Let $F$ be the filter of statistical convergence on $\mathbb{N}$ (see Definition 2.1 here). Suppose that $(\xi_n), (\eta_n)$ are sequences of real numbers that converge to $\xi$ and $\eta$ along $F$, respectively. Can we prove directly that $(\xi_n\cdot \eta_n)$ converges to $\xi\cdot \eta$ along $F$?
It is easy to prove a similar fact for ultrafilters. So the idea is to extend $F$ to an ultrafilter and go back to $F$ but is it necessary?
If you already know that a sequence $(x_n)$ is statistically convergent to $x$ if and only if there exists a set $A$ such that $d(A)=1$ and the subsequence $(x_n)_{n\in A}$ is convergent, then the proof is almost immediate: Take the subset $A$ for one sequence, a set $B$ for the other one. Then the subsequence $(x_ny_n)_{n\in A\cap B}$ converges in the usual sense. Since $d(A\cap B)=1$, this implies statistical convergence.
The symbol $d(A)$ denotes the asymptotic density of the set $A$. The proof of the fact I have mentioned above can be found, for example, in this paper: Šalát, Tibor, On statistically convergent sequences of real numbers. (English).

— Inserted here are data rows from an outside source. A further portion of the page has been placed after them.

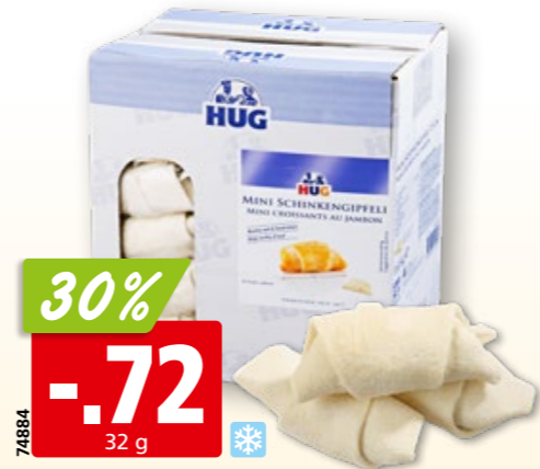
Hug Mini-Schinkengipfeli tk, 50 x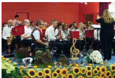
Concert à Champagny dimanche 22 octobre 2017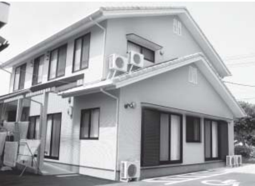
グループホーム「つくしの家」第2

金を支出していきます。障害者自立支援法は改善されてきましたが、今後も動向を見極めながら支援を続けていきます。 *ほかに今後のごみ行政、臨時教諭・保育士の日給について質問しました。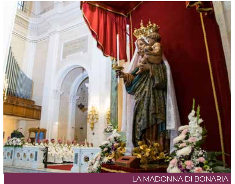
LA MADONNA DI BONARIA

Tutte le feste le abbiamo celebrate alla luce di questo giubileo mercedario. In particolare abbiamo vissuto la festa della Madonna di Bonaria nella gioia, nell'opportunità di incontrare Maria, madre della Mercede e dell'amore. Ma soprattutto madre di Gesù Redentore, al quale noi ci ispiriamo, dato che nasciamo come ordine che si prefiggeva la liberazione di coloro che erano caduti in schiavitù o come prigionieri. Tutt'ora, in numerosi campi di apostolato, laddove è possibile redimere materialmente, perseguiamo questo intento. Cerchiamo ovunque sia possibile di ridare una dignità umana alle persone che vivono momenti di difficoltà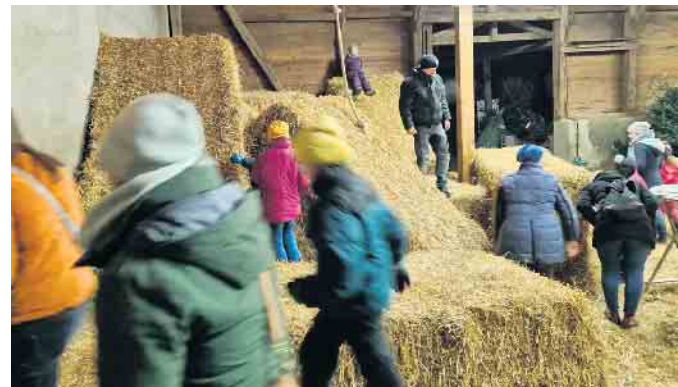
Kinder in der Strohburg

stalter bieten hier Eltern und Kindern eine Gelegenheit, gebrauchtes, gut erhaltenes Spielzeug in weihnachtlicher Atmosphäre der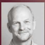
JEUTTER GÄRTEN UND PFLANZEN Gut geplant und gepflanzt – für den Gartengenuss das ganze Jahr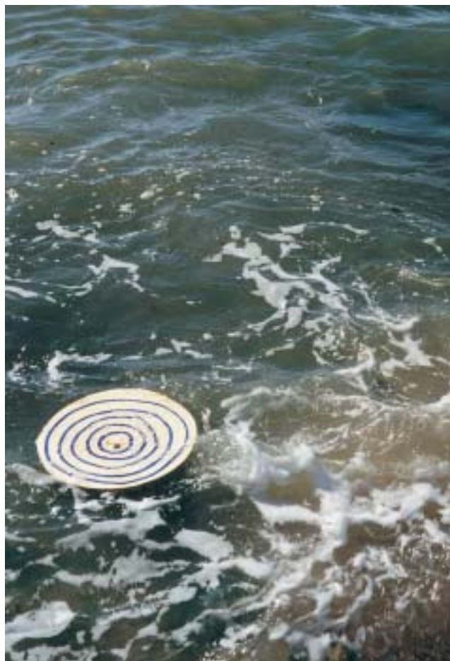
מערבולת , 2004, עט סימון על דיקט, חוף סידנא עלי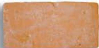
18 x 36 x 2,3 cm. AL-880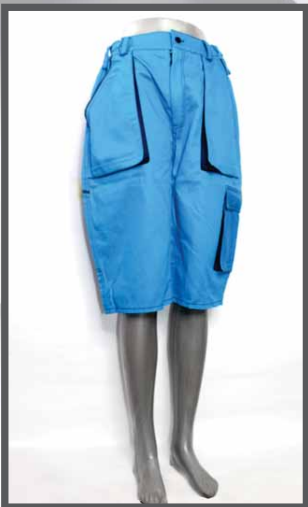
ŠIFRA PROIZVODA: 105 -01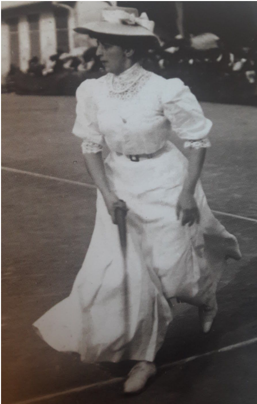
11.Irudia: Tenislari frantsesa, 1906. 123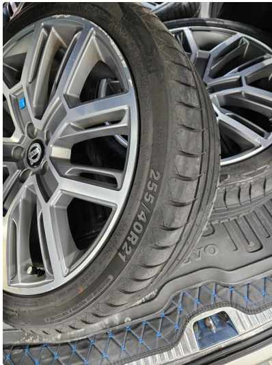
1.1 Noe skrubbermerker på alu. sommerfelger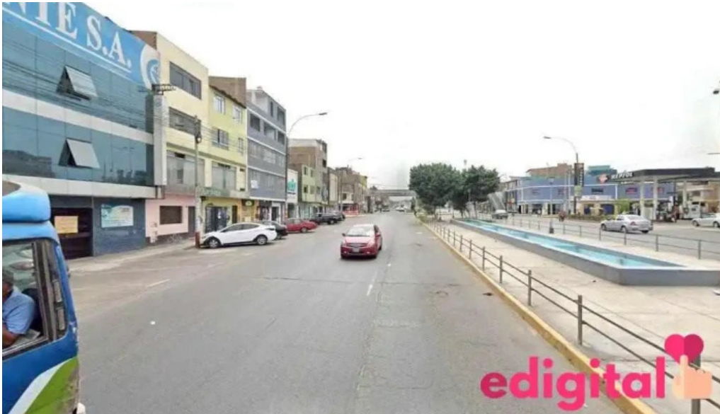
Farmacia dermaquim san martin de porres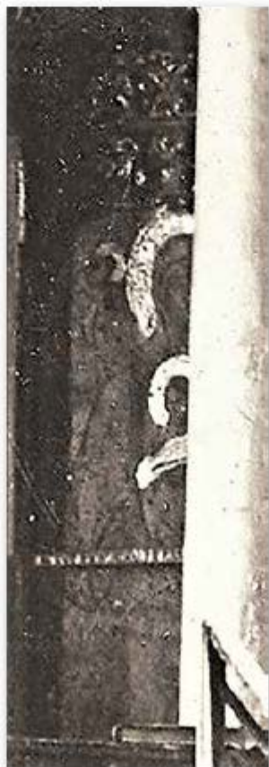
Εικ. 61. Η εικόνα της Παναγίας Ζωοδόχου Πηγής, ΧΑΕ 6006.

Η εικόνα φαίνεται στη φωτογραφία ΧΑΕ 6006 και βρισκόταν στο τέμπλο του Παρεκκλησίου του Αγίου Νικολάου. Στο κέντρο της εικόνας, καταλαμβάνοντας το μεγαλύτερο μέρος της, παριστανόταν μετωπική η Παναγία μέσα σε πολύπτυχη φιάλη να κρατάει τον μικρό Χριστό (εικ. 61). Ο Χριστός είχε στραμμένο το κεφάλι του προς τα αριστερά και μάλλον κρατούσε ανοιχτό ενεπίγραφο κώδικα Ευαγγελίου. Εκατέρωθεν της κεφαλής της Παναγίας εικονίζονταν οι αρχάγγελοι Μιχαήλ και Γαβριήλ. Αργυρά ελάσματα κοσμούσαν τα φωτοστέφανα των ιερών μορφών, το δεξί χέρι της Παναγίας και το Ευαγγέλιο του Χριστού. Είναι άγνωστο αν στο κάτω μέρος της εικόνας παριστανόταν ορθογώνια παραλληλόγραμμη δεξαμενή με μορφές λαϊκών και κληρικών. Η εικόνα είχε καλυφθεί από στρώμα αιθάλης.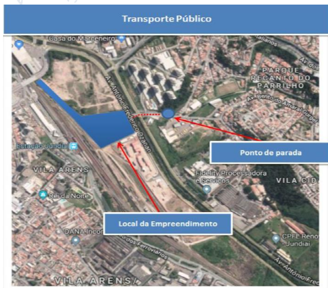
Imagem 10 - Localização do Ponto de Parada de Ônibus

Mathematica Slovaca, vol. 30 (1980), issue 2, pp. 139-150, http://dml.cz/handle/10338.dmlcz/136236
However, it is not difficult to prove this even without using the aforementioned results and in a somewhat greater generality.
Let $\newcommand{\FF}{\mathcal F}\FF$ be any filter on the set $\mathbb N$ and let $(x_n)$, $(y_n)$ be sequences such that $\newcommand{\Flim}{\operatorname{\FF-lim}}\Flim x_n=x$ and $\Flim y_n=y$. Then $\Flim (x_n y_n) = xy$.
Here $\Flim x_n=x$ means that for each $\varepsilon>0$ $$\{n\in\mathbb N; |x_n-x|\le\varepsilon\}\in\FF.$$ For more on this type of convergence see here (and some of the questions linked there) or here (and some of the questions linked there).
The claim above has, as a special case, the claim for statistical convergence. (You just choose the filter of all sets having asymptotic density equal to $1$.) The proof is basically the same as for the usual limit.
Proof. Let $\newcommand{\ve}{\varepsilon}\ve>0$. Then there exists a set $F_1\in\FF$ such that $$(\forall n\in F_1) |x_n-x|<\ve.$$ Moreover, we can also choose $F_1$ in such way that $|x_n-x|\cdot |y|<\ve$. (If $y=0$, this condition is true. If not, we take $|x_n-x|<\min\{\ve,\frac{\ve}{|y|}\}$.)
Let $M=|x|+\ve$. Then for every $n\in F_1$ we have $|x_n|<M$.
There exists $F_2$ such that $$(\forall n\in F_2) |y_n-y|<\frac{\ve}M.$$ The we get for $n\in F:=F_1\cap F_2$ $$|x_ny_n-xy| = |x_n(y_n-y)+(x_n-x)y| \le |x_n| \cdot |y_n-y| + |x_n-x| \cdot |y| < M \cdot \frac{\ve}M + \ve = 2\ve.$$ The set $F$ belongs to the filter $\FF$.
Thus the sequence $(x_ny_n)$ is $\FF$-convergent to $xy$. $\hspace{5cm}\square$
The proof of this fact is also given, for example, in this paper. (Although it is formulated there using ideals rather then filters.)